7. It is uncertain what exactly their new socialism consists of; the old Stalinist, East German model is not well thought of; most likely the move will be to a mixed economy (government and private) of some sort; the details are not yet clear even, probably, to the new leadership;

8. Developing a Latin version of the New Deal (also called “Socialism for the 21st Century”) includes openly declaring itself independent of American hegemony (anti-imperialism);

9. Latin American governments are able to strike off in new directions because the lending/aid cartel (IMF, World Bank, etc.), so long dominated by the U.S. and E.U, has now been broken;

10. It has been cracked because oil-rich Venezuela ($30 billion in reserves) is ready, willing and able to function as a lender of last resort (four other Latin American countries are also hydrocarbon producers);

11. In place of American hegemony, Latin American leadership is now actively promoting some form of Latin America integration (Chávez’ Bolivarian concept, for example); the move will commence with regional-free trade and more political cooperation but will likely move to even greater political integration as well (E.U as example);

12.. The old ruling classes and oligarchies are terrified; they run as always to Washington for succour while calling the new leaders dictators and communists, always a sure-fire way to get D.C.’s attention, and trying to force them from their elected offices;

11. Distracted by failed military adventurism in the Middle East it is currently unclear, however, how Washington can or will react; it may soon need to face up to the fact that most of Central and South America has joined the “Pink Tide” (only Paraguay and Columbia remain clearly outside still; Mexico came within a hair breadth in its last federal election).

You can see why the article has become rather large. Maybe I should try to convince the editor to let me split it into two pieces and serialise it.

2 Comments:

  • At Sunday, February 18, 2007 6:15:00 am, Blogger Margarita Mirasol said…

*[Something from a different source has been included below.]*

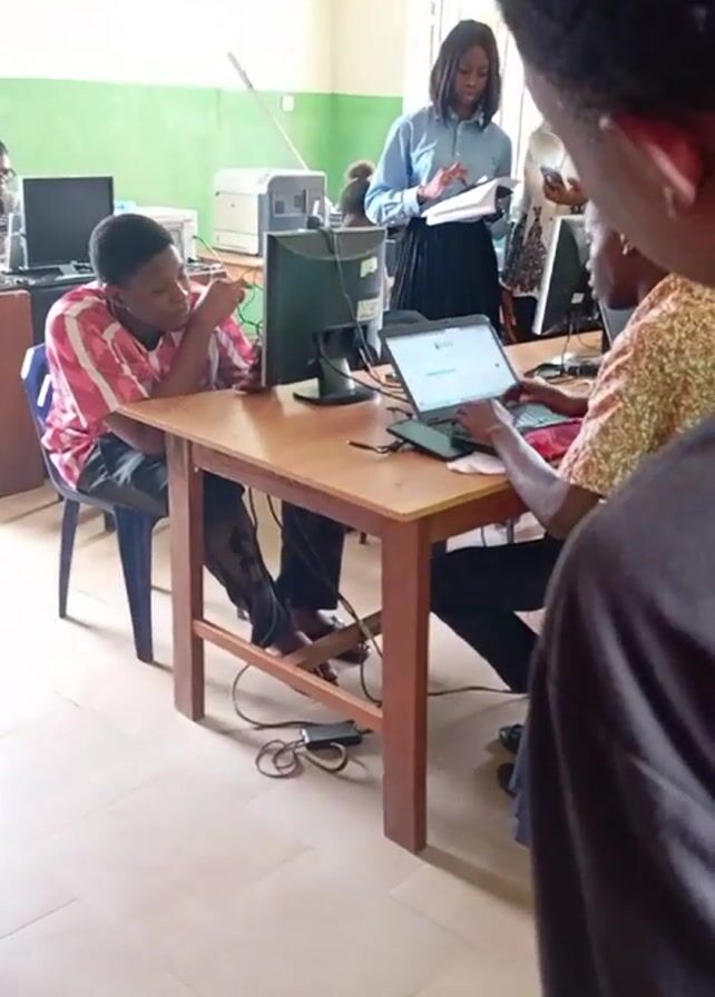 The scene depicts an indoor setting, likely a classroom or computer lab, as suggested by the presence of computers and tables

    Good to see you back online. E-mailed you around Christmas but heard nothing back, so once again, "Happy New Year" but this time it's the Chinese New Year I can offer felicitations for.

    You certainly had an experience filled 2006 and it appears that 2007 will bring more of the same.

    I'm selfishly happy that you are departing for the South Pacific in 2008, as this means that we might possibly meet along the way and this time I promise that you won't hear me screaming across the bay!

    Tee hee.

    love to you both,

    Maria

     
  • At Sunday, February 18, 2007 4:42:00 pm, Blogger rjb said…

    Jepp, it has been a whie. Maybe I can keep it up!